Le 12 décembre 1830 Mr Pierre RIVEREAU Sous-Préfet de Loudun prononça l'éloge funèbre d'Auguste CHAUVET mort à Nantes lors des Journées de Juillet en ces termes.
"Des princes qui nous avaient été imposés par l'étranger donnèrent à regret une liberté qu'ils avaient juré de détruire quand l'occasion s'en présenterait ; mais tel est ton empire sur un cœur vraiment français, ô liberté ! qu'à peine un roi parjure a-t-il brisé les liens qui l'unissaient à la France, qu'aussitôt elle saisit ses armes, tout Paris se lève comme un seul homme et trois jours suffisent pour renverser cette royauté de droit divin ! Les fiers Bretons imitent l'exemple de la capitale ; Nantes s'est levée pour la liberté : O toi CHAUVET ! toi noble ami que nous pleurons toi dont l'âme généreuse et fière s'indigne au nom d'esclavage, tu parcourais en armes des rues qui bientôt devaient être teintes de ton sang ! tu les faisais entendre ces cris si chers à la France ! tu jurais de mourir pour la liberté, quand de vils seides de l'obéissance passive vinrent te frapper te frapper d'un plomb homicide ! Tu tombes et meurs.
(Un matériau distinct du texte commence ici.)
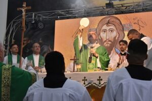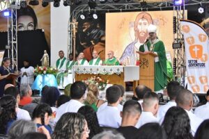 Em sua homilia, Dom João, disse aos jovens que é possível sermos santos em qualquer lugar, e listou três exemplos. “Em primeiro lugar, podemos ser santos, na família. Esse é o primeiro lugar que conseguimos exercer o serviço do amor, do bem-querer e da benevolência. Em segundo lugar, são aqueles outros ambientes que você frequenta no seu cotidiano. O lugar onde você encontra outras pessoas. Jesus nos pede que sejamos bons com todos. E em terceiro lugar, nas redes sociais. São pequenas coisas que compartilhamos nas redes que podem aproximar ou distanciar as pessoas”, destaca o Arcebispo. Dom João incentivou os jovens a rezar antes do uso das redes sociais para que elas possam ser usadas para o bem. E ainda afirmou, “lembre do que Jesus disse: ‘Quem não tem pecado algum, que atire a primeira pedra’", completou Dom João Justino.

Pleurons, mes amis, pleurons CHAUVET il était digne de nous et de la France ! Et toi famille infortunée ! toi dont une fille chérie faisait naguère le bonheur, tu l’as perdu ! Il ne restait plus qu’un fils. Il repose dans la tombe ; consoles-toi il est mort pour la Patrie.
Adieu CHAUVET, adieu digne ami ! Puisse la couronne dont nous ombrageons ta tête, puissent le tombeau que nous élevons à ta mémoire et les honneurs que nous te rendons être un témoignage digne de nos regrets et de ton courage ! Adieu ! "
Qui était Auguste CHAUVET ?
Il était né d’Auguste CHAUVET et de Julie IMBERT le 19 germinal an 13 à Loudun. Son père riche propriétaire demeurait rue de la Mairie à Loudun. Sa sœur Julie, née le 21 fructior an IX, épousa François Jules DUCHASTENIER, Juge de paix. Elle en eut deux filles Félicité née le 17 juin 1824 et Elodie née quelques jours avant la mort de sa mère le 14 avril 1830.
Nul doute qu’Auguste CHAUVET fut frappé par la mort de sa sœur à 28 ans.
Ce commis négociant fut blessé le 30 Juillet 1830 à Nantes. Il mourut à 18 heures en la maison du Sieur BOUVIER, couvreur, au 7 quai Brancas 3e ecarton. Les témoins de son décès furent Jean-Marie PILON demeurant rue du Puits d’Argent et Julien Clément SORET demeurant au Boulevard.